316.—Pourquoi le nom de Madrid fut-il donné au château que François Ier fit construire, vers 1530, au bois de Boulogne?
—Le roi gentilhomme, ayant fait commencer l'édification de ce château, était si impatient de l'habiter, qu'il n'en attendit pas l'achèvement pour y fixer sa résidence. On remarqua de plus que, lorsqu'il habitait cette maison, il entendait n'y recevoir que le moins possible de visiteurs vulgaires. Il venait particulièrement là pour se livrer à l'étude, ou pour s'entretenir avec un petit nombre d'artistes ou de savants qui étaient seuls admis dans cette retraite. Les courtisans, blessés de l'éloignement où les tenait alors le roi, et faisant allusion au temps de sa captivité, pendant laquelle on ne pouvait parvenir à le voir qu'avec de très grandes difficultés, donnèrent par épigramme au château de Boulogne le nom de la ville dans laquelle ce prince avait été prisonnier, et l'appelèrent le château de Madrid, nom qui lui est resté.

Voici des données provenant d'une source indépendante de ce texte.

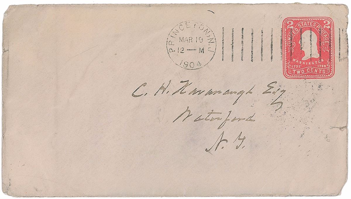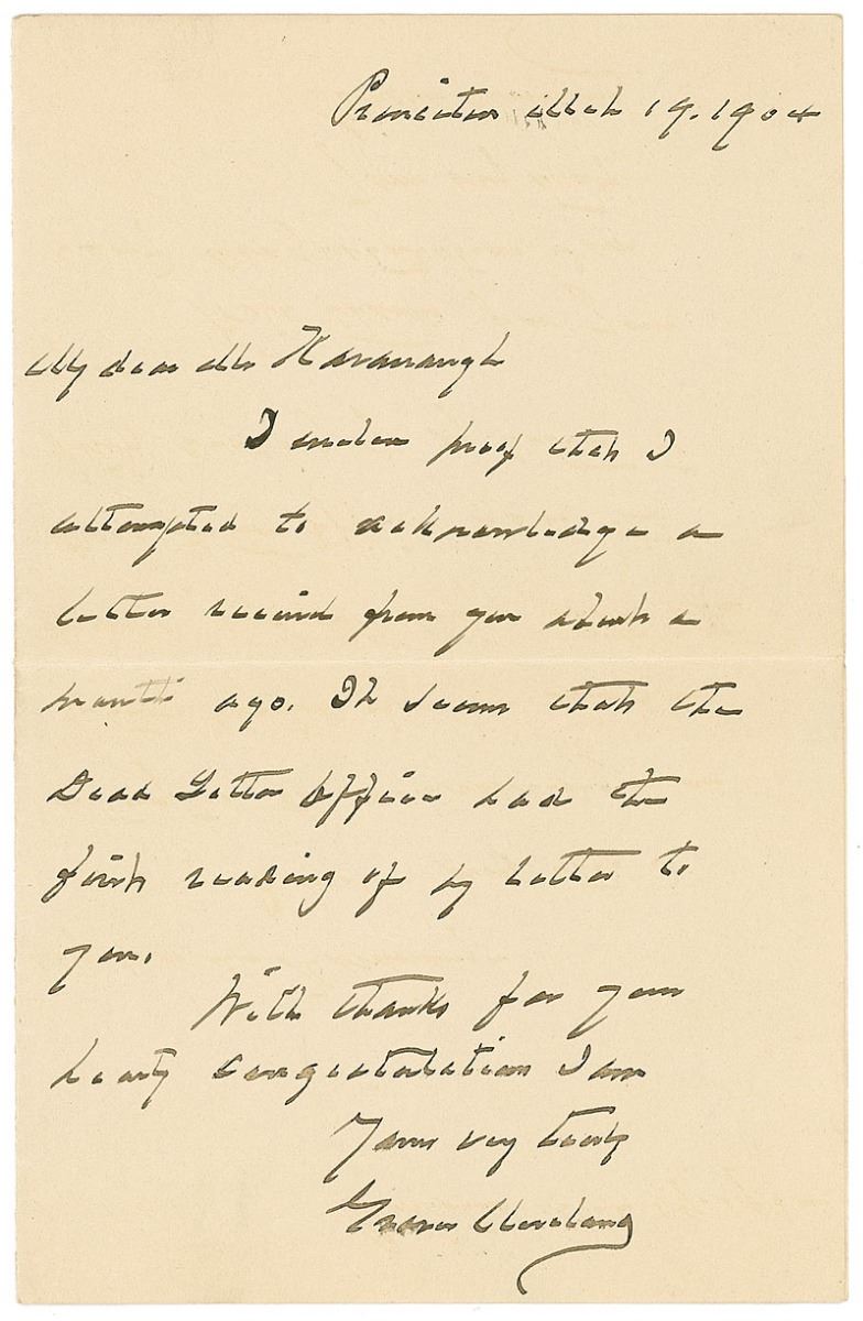 ALS, one page, 4.5 x 7, March 19, 1904. Letter to C. H. Kavanaugh. In full: “I enclose proof that I attempted to acknowledge a letter received from you about a month ago. It seems that the Dead Letter Office had the first reading of my letter to you.” In fine condition. Accompanied by the original mailing envelope, addressed in Cleveland’s hand.

317.—Le P. Gaspard Schott, auteur très érudit, mais fort bizarre, du dix-septième siècle, dit dans un de ses livres que l'enfant apporte en naissant le visage tourné vers la terre, comme un coupable, par le fait du péché originel dont il est chargé. Son premier cri au grand jour est O A, tandis que celui de la mère qui le voit est O E. Ces sons significatifs peuvent facilement s'expliquer ainsi: O A voudrait dire: O Adam, pourquoi avez-vous péché? et O E se traduirait par O Eve, pourquoi avez-vous induit en péché Adam notre premier père?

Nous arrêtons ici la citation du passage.